The following machine hours and utility cost information is available:
Machine
Month Utility Cost
Hours
January 7,260 ₱2,960
February 8,850 3,410
March 4,800 1,920
April 9,000 3,500
May 11,000 3,900
June 4,900 1,860
July 4,600 2,180
August 8,900 3,470
September 5,900 2,480
October 5,500 2,310

Compute the variable cost per unit and total fixed cost using:
a. High-Low Method
b. Least Squares Regression Analysis
PROBLEM 4
Micalea Company incurred the following costs in June 2021:

• Paid a six-month (June through November) premium for insurance of company head-quarters, ₱18,600.
• Paid ₱1,000 fee for a salesperson to attend a seminar in August.
• Paid three months (June through August) of property taxes on its factory building, ₱15,000.
• Paid a ₱10,000 bonus to the company president for her performance during May June 2021.
• Accrued ₱20,000 of utility costs, of which 40 percent was for the headquarters and the remainder was
for the factory.

a. What expired costs are associated with the June information?
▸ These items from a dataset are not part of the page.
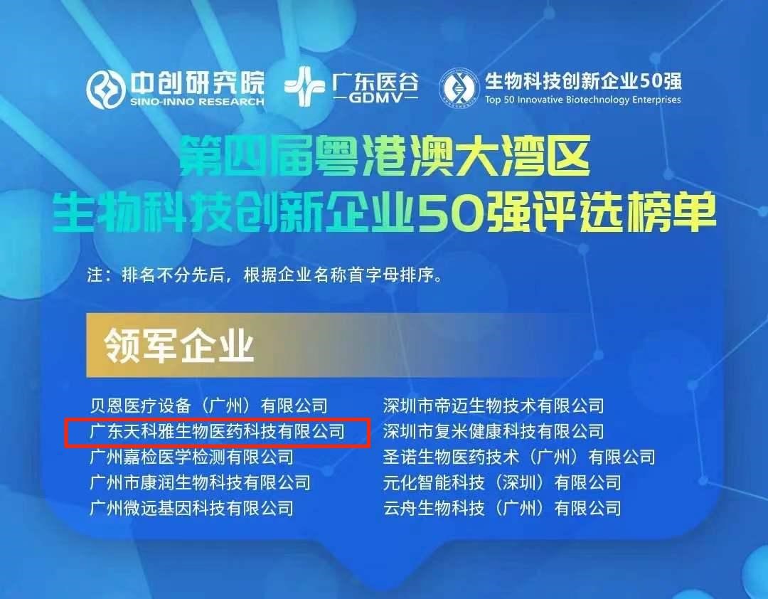 2021年12月29日,第四屆粵港澳大灣區(qū)生物科技創(chuàng)新企業(yè)50強頒獎典禮暨生物科技創(chuàng)新發(fā)展峰會將于廣州南沙舉辦,現(xiàn)場進行第四屆粵港澳大灣區(qū)生物科技創(chuàng)新企業(yè)50強頒獎典禮,天科雅榮獲“第四屆生物科技創(chuàng)新企業(yè)50強-領(lǐng)軍企業(yè)獎”。
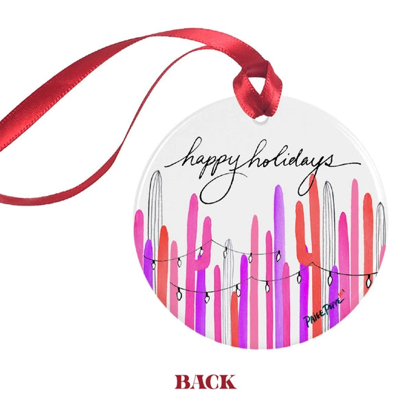 Pink Saguaro Lights Watercolor Ornament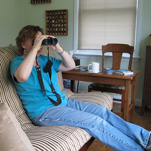 woodpecker Update 4/16/2006: I'm up to 30 species right now. I'm particularly happy to have an Eastern towhee. It's a beautiful bird about the size of a robin with bold patches of black, white, and rust. If you've ever been outside and heard a bird that sounds like it's saying "drink you tea," that's a towhee. Maybe that's why I'm so fond of that bird. We are all delighted to get advice that we are already willing to take, and tea is one of my favorite beverages (it's the other brown drink). I'll keep working on my couch list, even though I'll never be able to equal my sister's accomplishment. There's an escaped peacock that has been loose in her neighborhood for the past year, and he's often been seen in her yard. No one has been able to trap it, because apparently peacocks have a nasty temper. The Futon ListNovember 15, 2011 Now that I have a newly-renovated addition with big windows and a comfy futon, I am going to start keeping a futon list. Most birders keep a life list of all the bird species that they have ever seen. Not me…when I see a a bird that I’ve never seen before, I get excited. It’s one of the joys of birding. If I did keep a life list, and I were to see a bird that I thought was new to me, it would be a let-down to check my list and discover that it’s not. Not keeping a life list means I’ll have more exciting birding experiences, simply because my memory isn’t that great. Hey, I just discovered a silver lining to the aging process! The futon list may not have as many birds on it as the couch list did. The window out the living room faces approximately five wooded acres and a system of storm water management ponds, which attracts many water birds. The window out the addition on the back of my house faces the backyard, as well as several of my neighbors’ backyards. The futon list will probably not include ducks, geese, or herons, but who knows? Stranger things have happened. The great thing about these lists is that they remind me of how much wildlife there is in my neighborhood. It’s like counting my blessings! The Futon List (last updated December 10, 2013): blue jay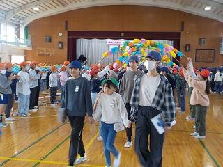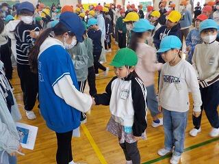 【1年生と手をつないで退場】

b. What unexpired costs are associated with the June information?
c. What product costs are associated with the June information?

PROBLEM 5
Romero Company had the following account balances as of July 1, 2021:
Raw Material (direct and indirect) Inventory 20,300
Work in Process Inventory 7,000
Finished Goods Inventory 18,000

During July, the company incurred the following factory costs:


1. Purchased ₱164,000 of raw material on account.
2. Issued ₱180,000 of raw material to production. Of this amount, ₱134,000 was for direct material and the
remainder was for production supplies.
3. Accrued ₱88,000 in factory payroll costs; ₱62,000 was for direct labor and the rest was supervisor’s
salaries.
4. Accrued ₱7,000 of utility costs; of this amount, ₱1,600 was a fixed cost and the remainder was variable.
5. Accrued ₱2,000 of property taxes on the factory.
6. Recorded the expiration of ₱1,600 of prepaid insurance on factory equipment.
7. Recorded ₱40,000 of straight-line depreciation on factory equipment.
8. Transferred goods costing ₱320,000 to Finished Goods Inventory.
9. Recorded total sales of ₱700,000; of these, ₱550,000 were on account.
10. Recoded cost of goods sold for ₱330,000.
11. Recorded selling and administrative costs of ₱280,000 (credit “Various Accounts”).
Required:
a. Journalize the transactions for July.
b. Post transactions to T-accounts for Raw Material Inventory, Work in Process Inventory, Finished Goods
Inventory and Cost of Goods Sold.
c. Prepare a schedule of cost of goods manufactured for July.
d. Prepare an income statement, including a detailed schedule of cost of goods sold.